Abstract

Zero-shot learning (ZSL) for visual recognition aims to accurately recognize the objects of unseen classes through mapping the visual feature to an embedding space spanned by class semantic information. However, the semantic gap across visual features and their underlying semantics is still a big obstacle in ZSL. Conventional ZSL methods construct that the mapping typically focus on the original visual features that are independent of the ZSL tasks, thus degrading the prediction performance. In this paper, we propose an effective method to uncover an appropriate latent representation of data for the purpose of zero-shot classification.
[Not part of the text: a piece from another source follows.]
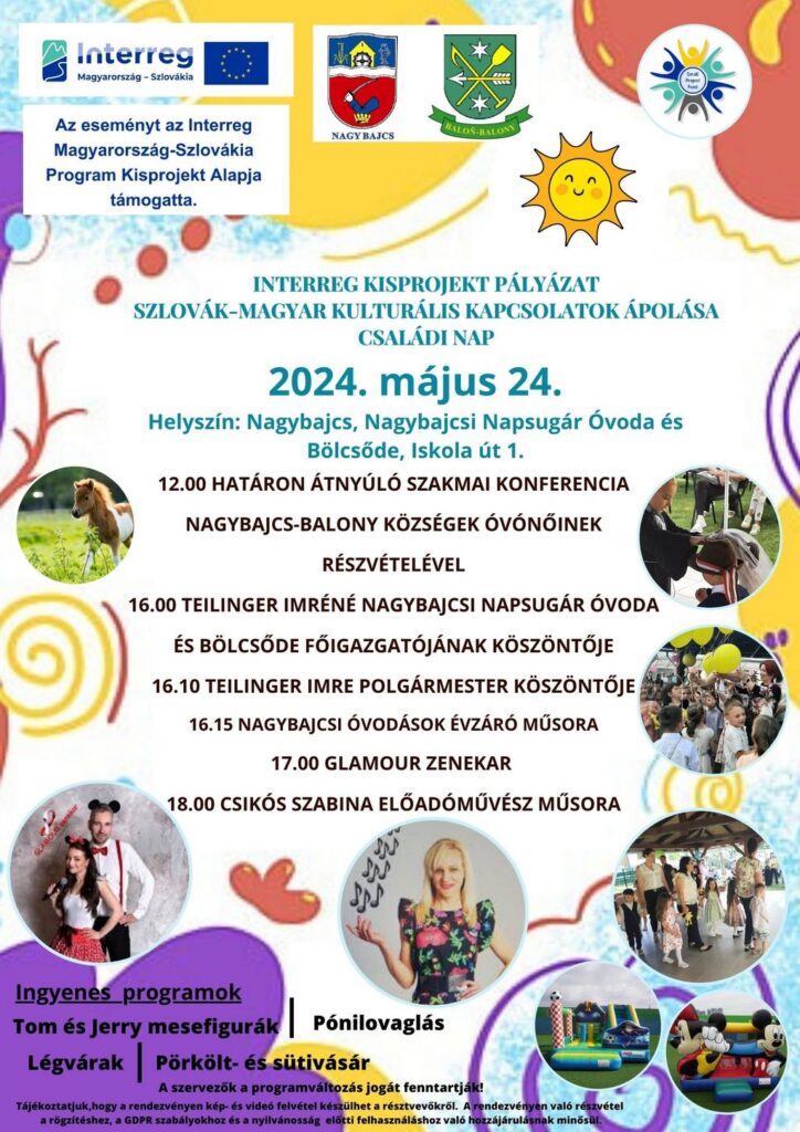 A programok 2024.05.24-én kezdődtek. A szlovákiai Balony testvértelepülés óvodapedagógusai Tovarys Krisztián polgármester úr kíséretében és a Nagybajcsi Napsugár Óvoda és Bölcsőde alkalmazottaival karöltve részt vettek egy szakmai konferencián az óvodában. (Nagybajcs, Iskola u. 1.)

Specifically, we formulate a novel framework to jointly learn the latent subspace and cross-modal embedding to link visual features with their semantic representations. The proposed framework combines feature learning and semantics prediction, such that the learned data representation is more discriminative to predict the semantic vectors, hence improving the overall classification performance. To learn a robust latent subspace, we explicitly avoid the information loss by ensuring the reconstruction ability of the obtained data representation. An efficient algorithm is designed to solve the proposed optimization problem. To fully exploit the intrinsic geometric structure of data, we develop a manifold regularization strategy to refine the learned semantic representations, leading to further improvements of the classification performance. To validate the effectiveness of the proposed approach, extensive experiments are conducted on three ZSL benchmarks and encouraging results are achieved compared with the state-of-the-art ZSL methods.